This is a page that curates AI-related papers published worldwide. All content here is summarized using Google Gemini and operated on a non-profit basis. Copyright for each paper belongs to the authors and their institutions; please make sure to credit the source when sharing.
Chujie Zheng, Shixuan Liu, Mingze Li, Xiong-Hui Chen, Bowen Yu, Chang Gao, Kai Dang, Yuqiong Liu, Rui Men, An Yang, Jingren Zhou, Junyang Lin
Outline
This paper introduces Group Sequence Policy Optimization (GSPO), a robust, efficient, and high-performance reinforcement learning algorithm for training large-scale language models. Unlike existing algorithms that adopt token-level importance ratios, GSPO defines importance ratios based on sequence likelihood and performs sequence-level clipping, compensation, and optimization. GSPO achieves superior training efficiency and performance compared to the GRPO algorithm, particularly stabilizing Mixed-of-Experts (MoE) RL training, and demonstrating its potential to simplify RL infrastructure design.

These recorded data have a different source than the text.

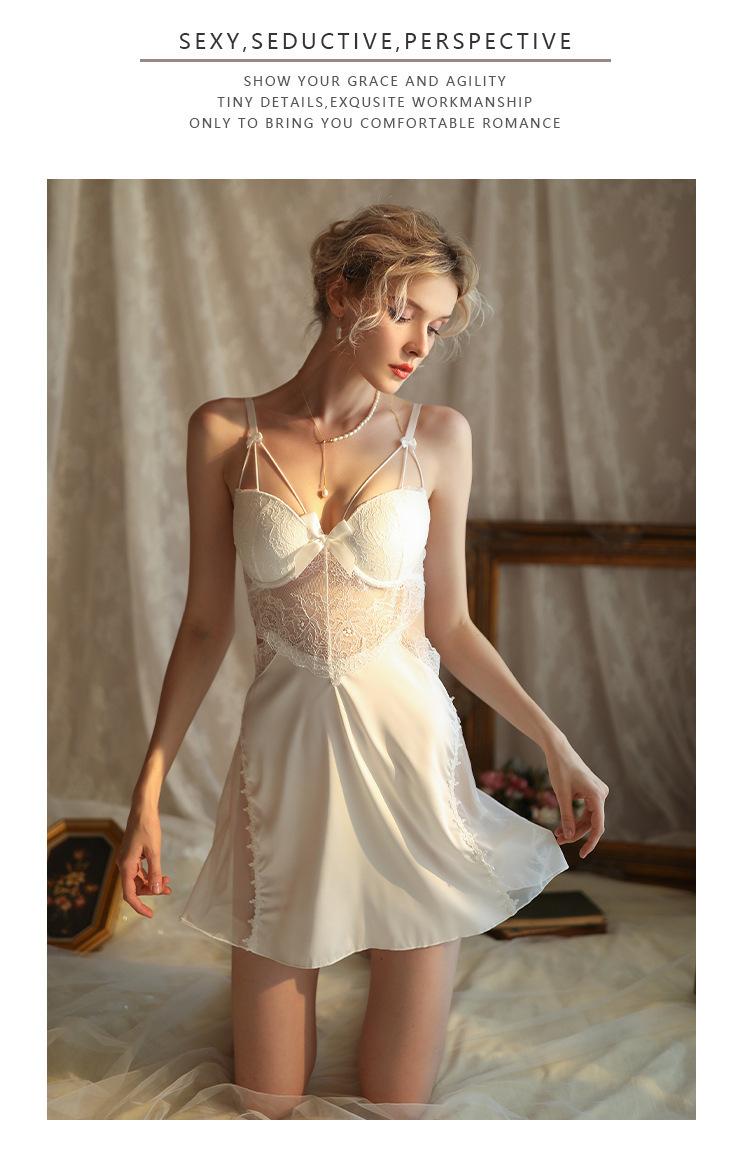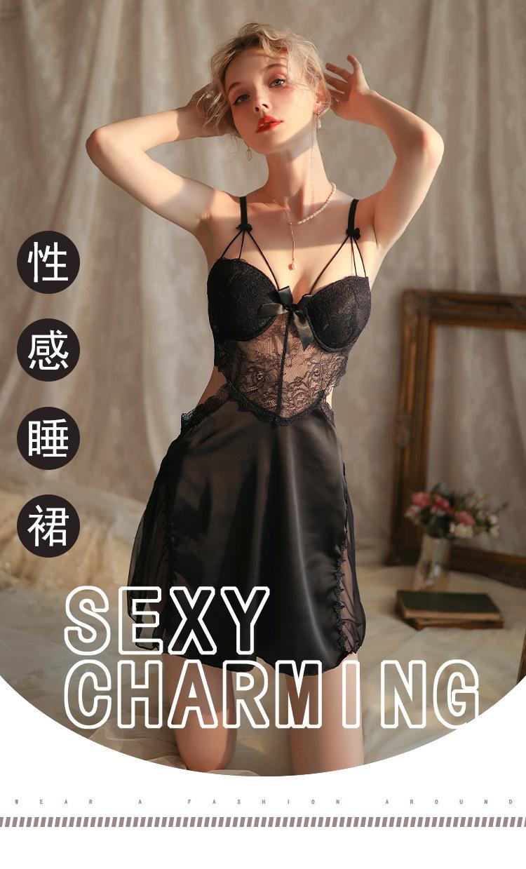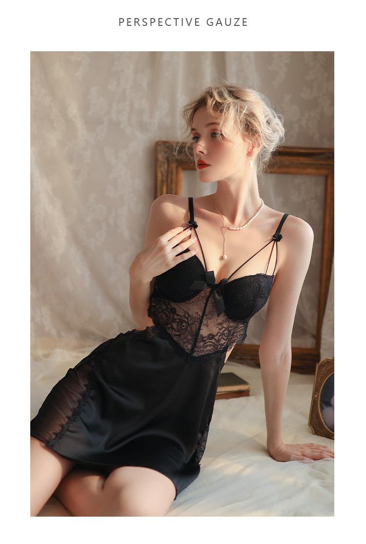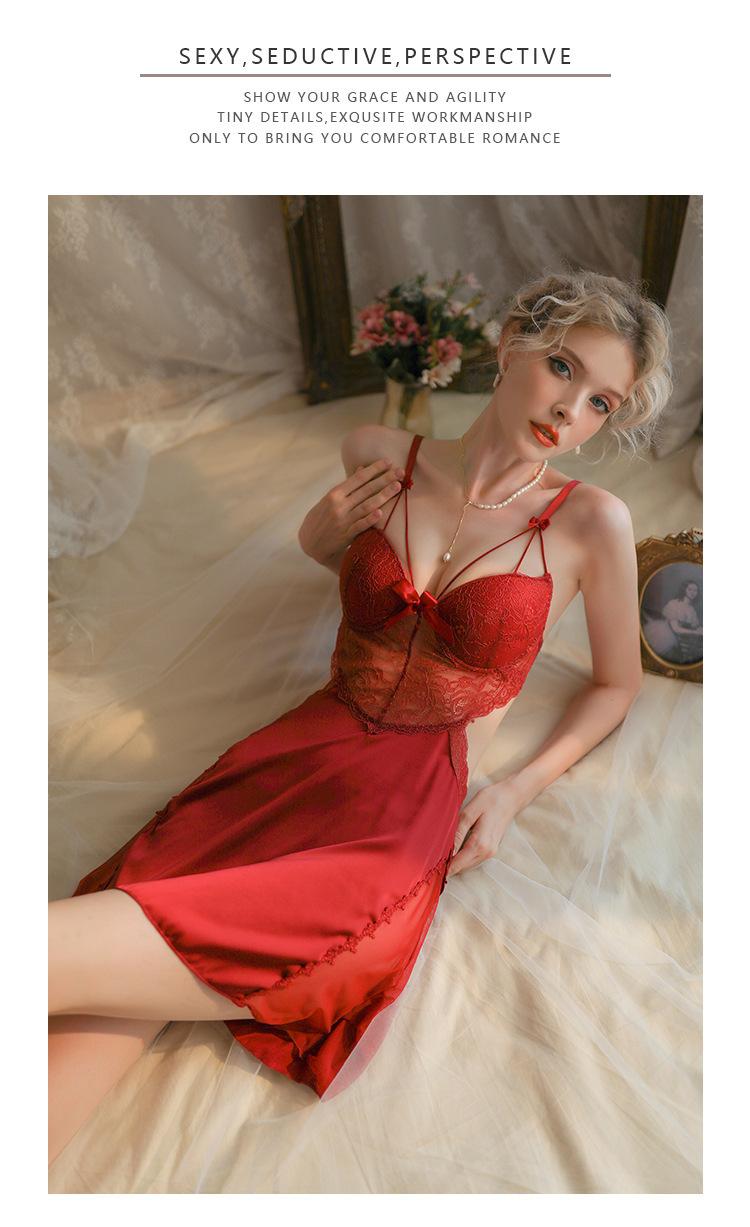 Hermoso hilo nuevo estilo sexy traje profundo V sexy encaje perspectiva tirantes sexy pijamas abertura sexy camisón femenino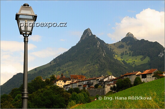 Pohled na historickou část městečka Gruyères, proslaveného sýrem Gruyère. Fribourg, Švýcarsko.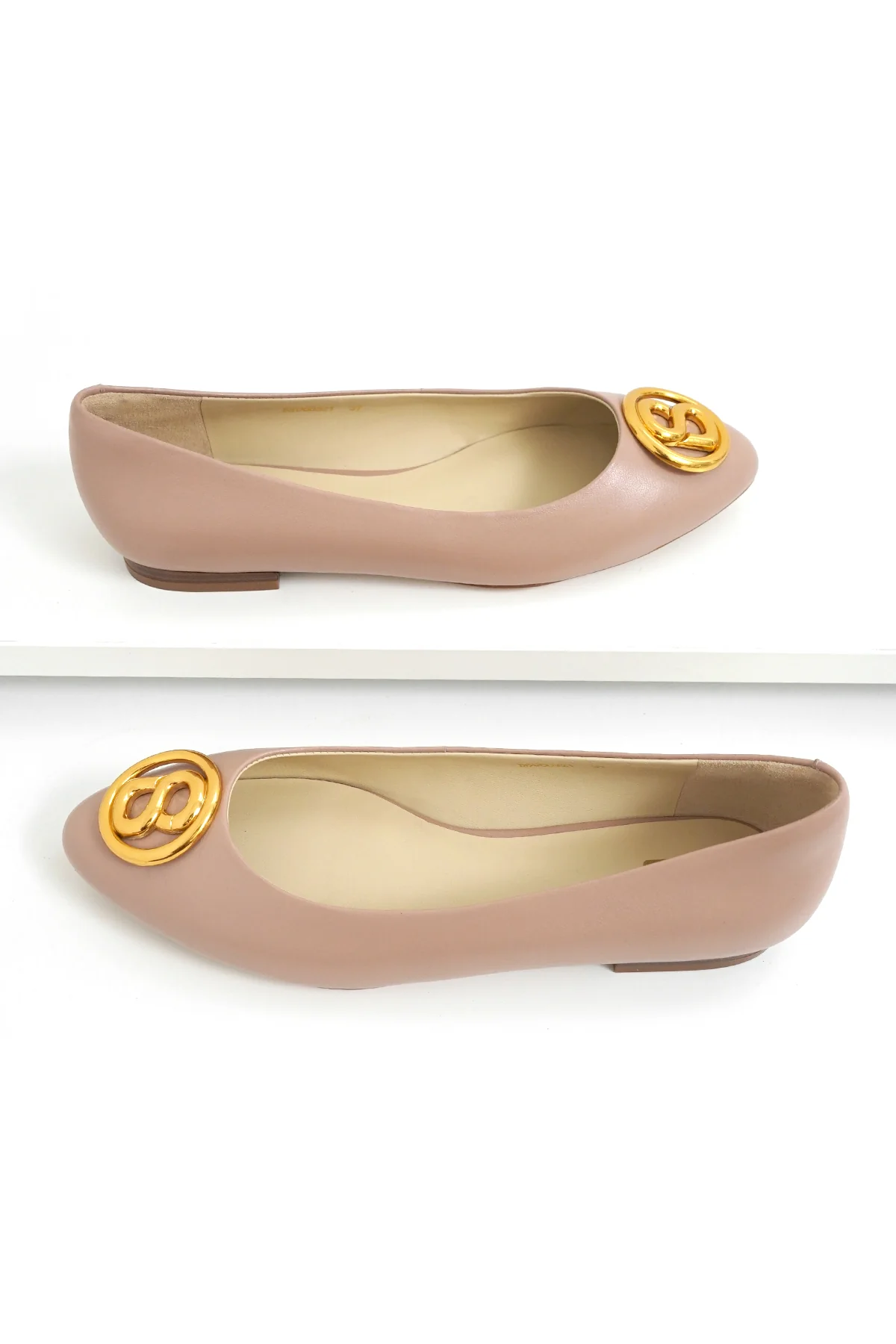 The soft and comfortable shoe is designed with a pointed toe shape in a classic and flattering profile. Accentuated with the rounded brass B-Logo that meets the elegance.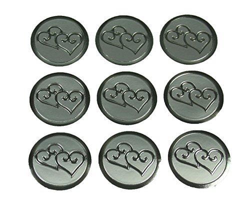 100 Silver Double Hearts Print Wedding Round Envelope Seal Stickers 1 inch Diameter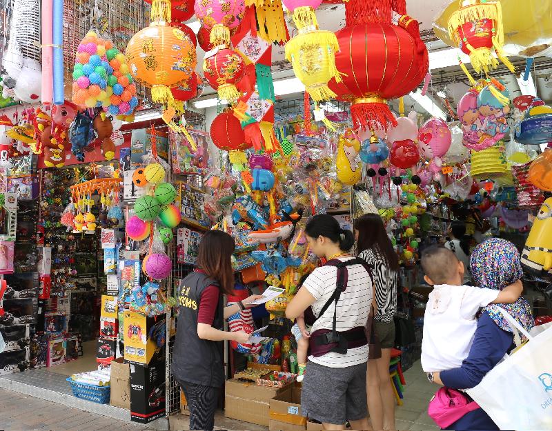 Hong Kong Customs today (September 20) distributed pamphlets in Sham Shui Po, Mong Kok and Wan Chai to remind members of the public, especially parents, about safety of Mid-Autumn Festival toys and to pay attention to the warnings and usage instructions on them.
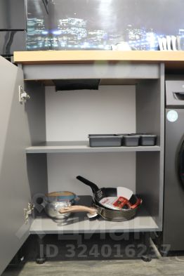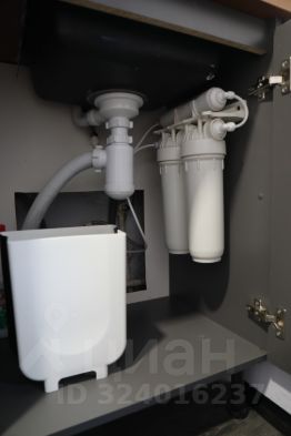 Кухонный гарнитур включает в себя встроенную технику: индукционную варочную панель, посудомоечную машину, стиральную машину, холодильник, фильтр для питьевой воды.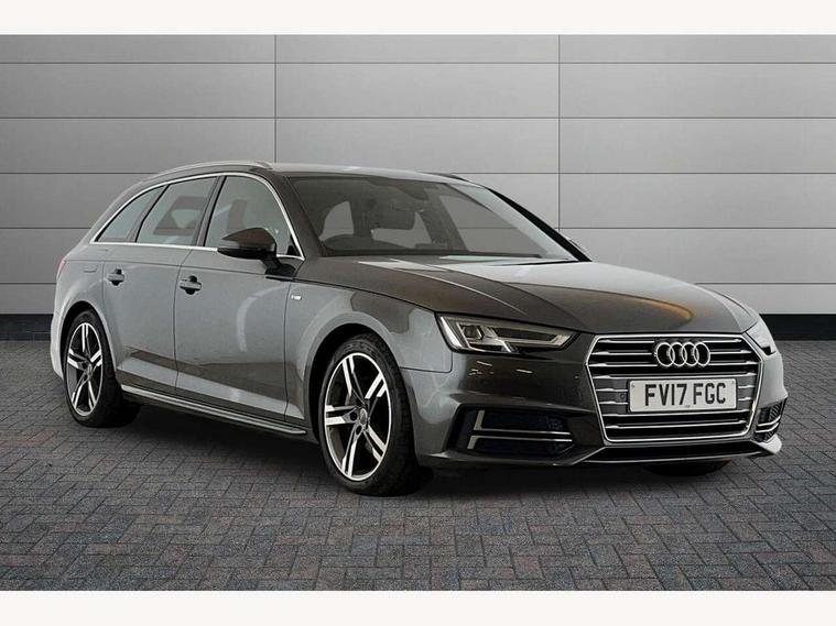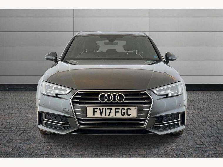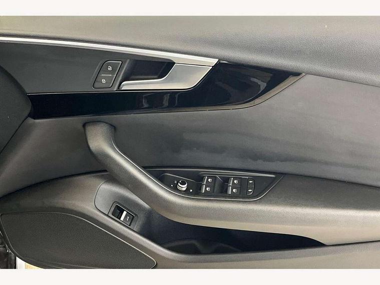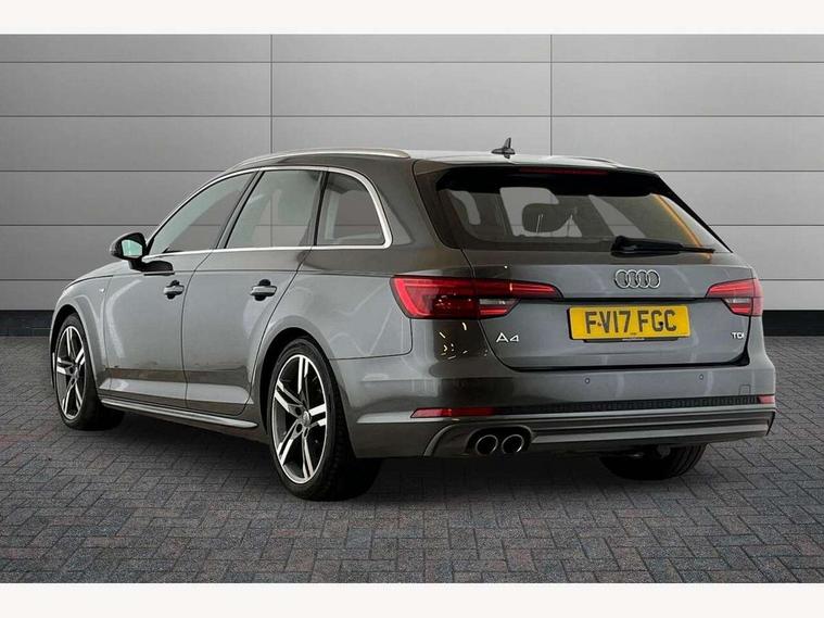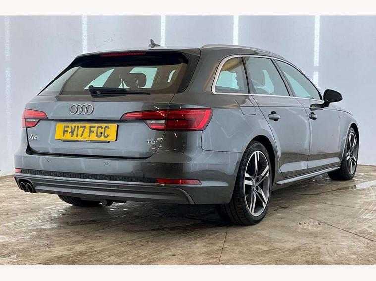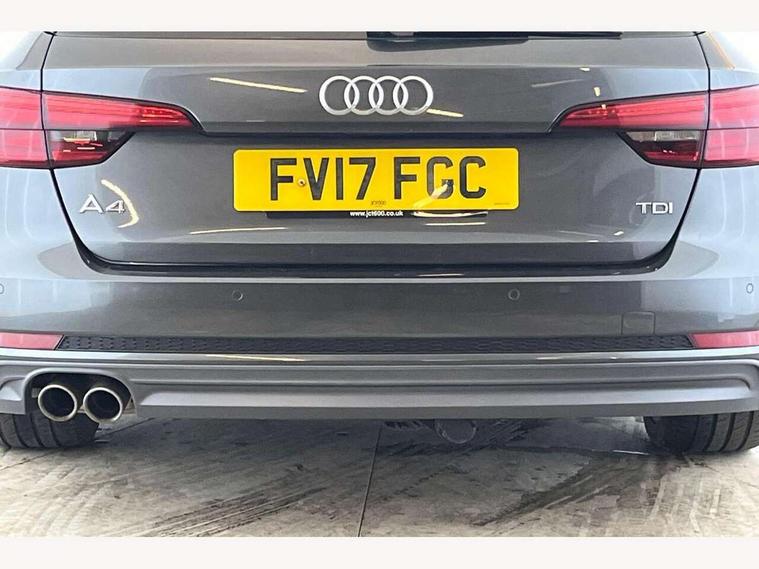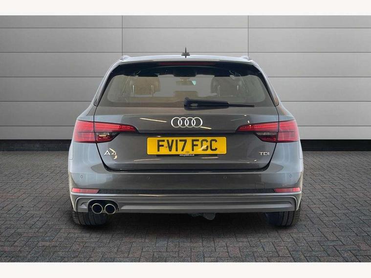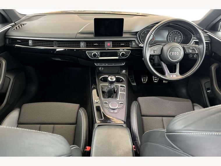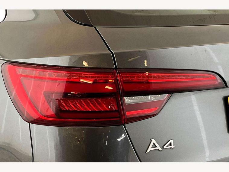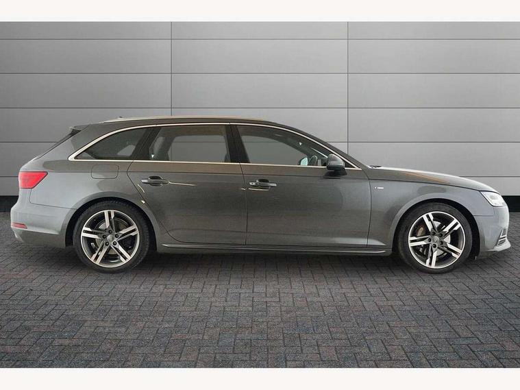 Audi drive select, Audi Pre sense collision avoidance, Audi smartphone interface, Electro-mechanical PAS, Power boot opening and closing, Service interval indicator, Stop/start button, Voice control system, 2 USB ports, Aux input, DAB digital radio module, MMI radio plus with CD player, Acoustic windscreen, Air inlets in titan black with two horizontal inlays in chrome, Auto dimming rear view mirror, Automatic headlights + automatic windscreen wipers, Body colour bumpers, Chrome door handles, Chrome rolled exhaust, Electric adjustable heated door mirrors, Electric front windows, Electric rear windows, Headlight range control, LED daytime running lights, LED indicators in door mirrors, Rear diffuser in Twilight grey matt, Rear wiper, Roof spoiler, 3 zone climate control, Black cloth headlining, Front centre armrest with 12v socket, Front sport seats, Front/rear floor mats, Illuminated door sill finishers, Isofix child seat preparation for front passenger/outer rear seats inc passenger airbag deactivation, Jack and tool kit, Perforated leather gearknob, Reach + rake adjustable steering column, Rear headrests, Retractable load area cover, Split folding rear seats, Stainless steel foot rest, Stainless steel pedals, Sunvisors with vanity mirrors, Top tether anchor plate for isofix child seat, S line exterior styling pack - A4 Avant, 3 point seatbelts on all rear seats, ABS/EBD, Adaptive driver and front passenger airbags, Electromechanical parking brake, ESP, First aid kit, Front head airbags, Front seatbelt pretensioners + load limiters, Front side airbags, Multi-Collision braking, Seatbelt warning, Traction control, Tyre pressure monitoring system, Warning triangle, Keyless start, Locking wheel bolts, Remote central locking, Thatcham category 1 alarm + immobiliser,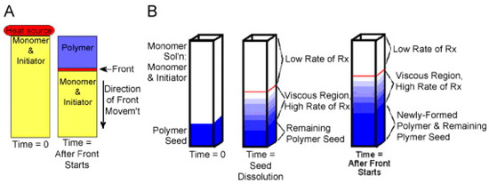 Given that the hot zone that is polymerizing is in contact with the monomer mixture that has not reacted yet, it can be guessed that enough heat exchange occurs at the interface to cause a local initiation of the reaction. The result is the growth of the hot polymerized phase at the expense of the cold monomeric phase. This growth is nothing more than a hot front of polymerization that ideally propagates until the whole monomer is converted into a polymer (Figure 3A).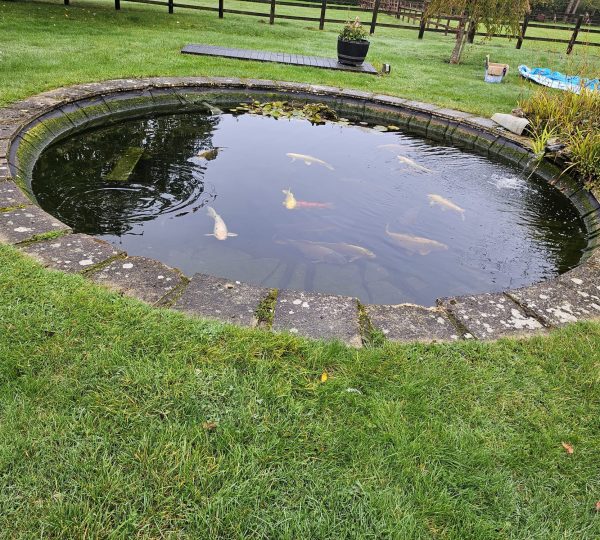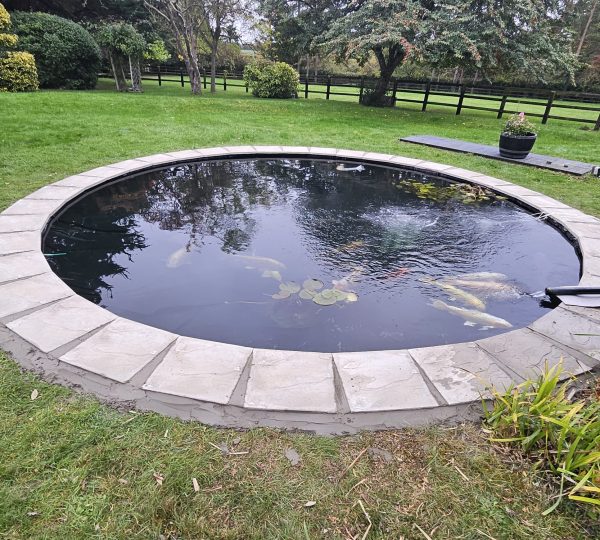 New paving slabs, hand-picked by the client, were supplied and expertly installed around the pond’s perimeter, cemented securely for both aesthetics and safety. The koi were then carefully reintroduced to their refreshed habitat.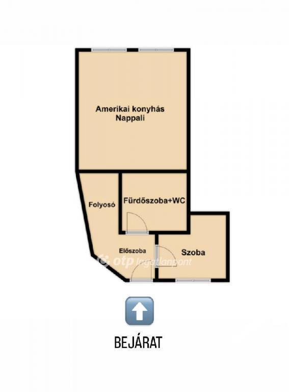Elrendezés: amerikai konyhás nappali + külön nyíló hálószoba

These advantages of GSPO contributed to the remarkable performance improvement of the state-of-the-art Qwen3 model.
Takeaways, Limitations
•
Takeaways:
◦
We present GSPO, a stable and efficient reinforcement learning algorithm for large-scale language model training.
◦
Achieving improved training efficiency and performance over the GRPO algorithm through sequence-level optimization.
◦
Contribute to stabilizing MoE RL training.
◦
Presenting the possibility of simplifying RL infrastructure design.
◦
Contributes to improving the performance of the latest Qwen3 model.
•
Limitations:
◦
This paper does not explicitly address the GSPO algorithm's Limitations. Further experiments and analysis are needed to elucidate Limitations.